Process: The Negatives of Positive Client Goals


In the last few posts I’ve been focusing on agenda-setting at the outset of therapy.

Eventually our clients may come up with one or more positive goals (things to move toward, rather than away from).

  • Become physically fit.
  • Let go of the grief for my father, who died 12 years ago.
  • Forgive myself for the car accident that injured my niece, and move on.
  • Become able to ask someone out on a date.

Parrot the client’s goal(s) back to them, and they may say “Sounds good” and mean it. But if you both just dive in, you may soon find the tide turning beneath you, pulling you away from the intended destination. What’s going on?

Often there are unexamined downsides to what sound like perfectly good goals. Though the client may not hold them in consciousness, they will act as brakes on the process anyway, causing slow progress or apparently inexplicable therapeutic sabotage.

David Burns recommends conducting a “paradoxical cost-benefit analysis” at the start of therapy. He has quite a specific set of ideas in mind here, and if you get the chance to hear him speak about them at a workshop or conference, you should take him up on it. I will paraphrase here.

A cost benefit analysis, as we all know, involves tabulating the advantages and disadvantages of taking a given course of action, such as quitting a job we hate. We list all the considerations, rate how important they are, and add up the positives and negatives.

A paradoxical cost benefit analysis is, in effect, a one-sided brainstorming exercise in which we come up only with the disadvantages of the course we have already nominated.

“So John it sounds like you’ve decided you want to let go of this grief over your father, but hang on a minute. You haven’t done this so far. You beat yourself up for not moving on with your life, but there are probably some good reasons why you keep the grief alive. Maybe we should look at those.”

John may look slightly betrayed. We pushed him to name a goal in the first place, now we’re pulling back. And he may or may not be able to think of any good reason to keep grieving. If he comes up with anything, we should write it down, preferably where he can see it. If he doesn’t, we can start making nominations. This is where our understanding of the client (our formulation) comes in.

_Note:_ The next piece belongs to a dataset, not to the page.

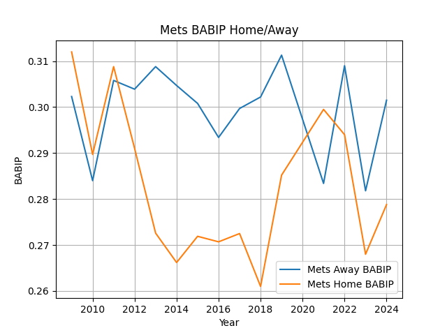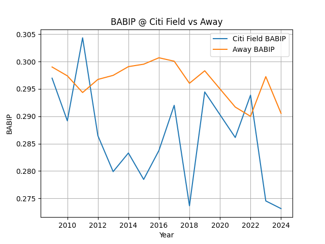 Using the PyBaseball Python API, I calculated the Mets’ BABIP for the last 15 seasons, comparing their BABIP while playing at Citi Field and away. 2020 is excluded. The code can be found here, and yes, it is in Polars. If you know, you know. The Sickos Know.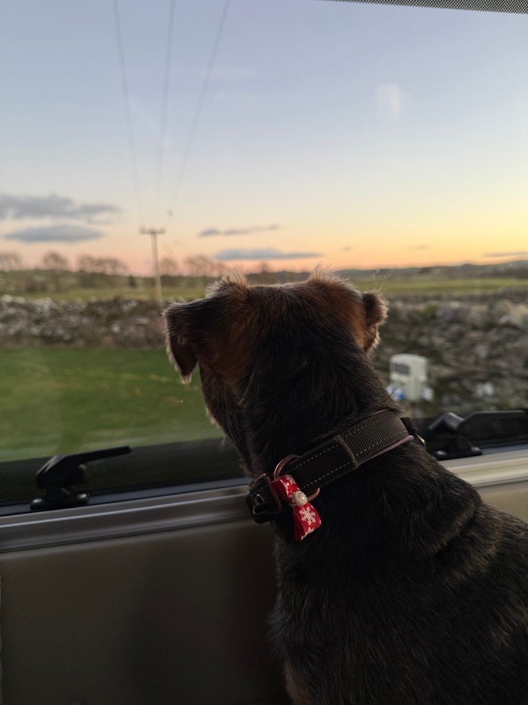 Monday was spent nesting — vans levelled, kettles boiled, and plans sketched out after a brief but enthusiastic conflab. With the next day’s walk agreed, we retired early after an evening walk with Pepper, ready to make the most of the daylight.

“Well John you had a really great relationship with your father, and his final illness was an awful experience. You know we can’t bring your dad back. If you resolve your grief you’ll be happy and cheerful and your father will still be dead. What does that look like? It might feel to you like you’re betraying him, like he never really mattered to you. 

“Plus, you mentioned that your sister has never gotten over it either. The two of you are both there, stuck in that place. If you get over it, you’ll be abandoning her too, won’t you? She might resent you, or feel that she’s the only one who ever really cared. In a way, you have to keep grieving to convince her that your father mattered to you.

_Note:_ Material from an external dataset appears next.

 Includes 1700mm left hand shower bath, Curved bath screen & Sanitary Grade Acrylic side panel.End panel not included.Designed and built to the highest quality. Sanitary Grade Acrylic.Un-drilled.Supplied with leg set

“You’ve also said that if you could get over this, you’d go to graduate school like you planned years ago. Graduate school is quite a commitment. Maybe you’ll fail, maybe it’ll turn out you don’t like it, maybe it’s not for you. You know, some dreams are best left as dreams. If you let go of your grief, it puts you on the highway to some of your greatest fears.”

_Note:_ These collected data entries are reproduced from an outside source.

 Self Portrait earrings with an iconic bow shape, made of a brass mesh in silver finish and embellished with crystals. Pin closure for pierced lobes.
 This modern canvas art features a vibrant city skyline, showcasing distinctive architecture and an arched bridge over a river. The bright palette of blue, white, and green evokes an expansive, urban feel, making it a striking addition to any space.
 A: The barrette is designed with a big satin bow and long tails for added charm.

This sounds somewhat cruel and perverse, but the point is to bring the reluctance to achieve the goal into awareness so that it can be dealt with. Perhaps John could decide to work on his father’s grief and put off any decision to enter graduate school. Maybe he could talk to his sister or suggest that she too seek help. Perhaps he could think of other people who cared for his father but who have moved on, or ask what his father would have wished for him: Perhaps there is another way of honouring his memory apart from being crushed.

Until we examine these forces, movement toward the client’s stated goals is likely to be inexplicably slow. Once these roadblocks are removed (if they can be), progress can often become very swift.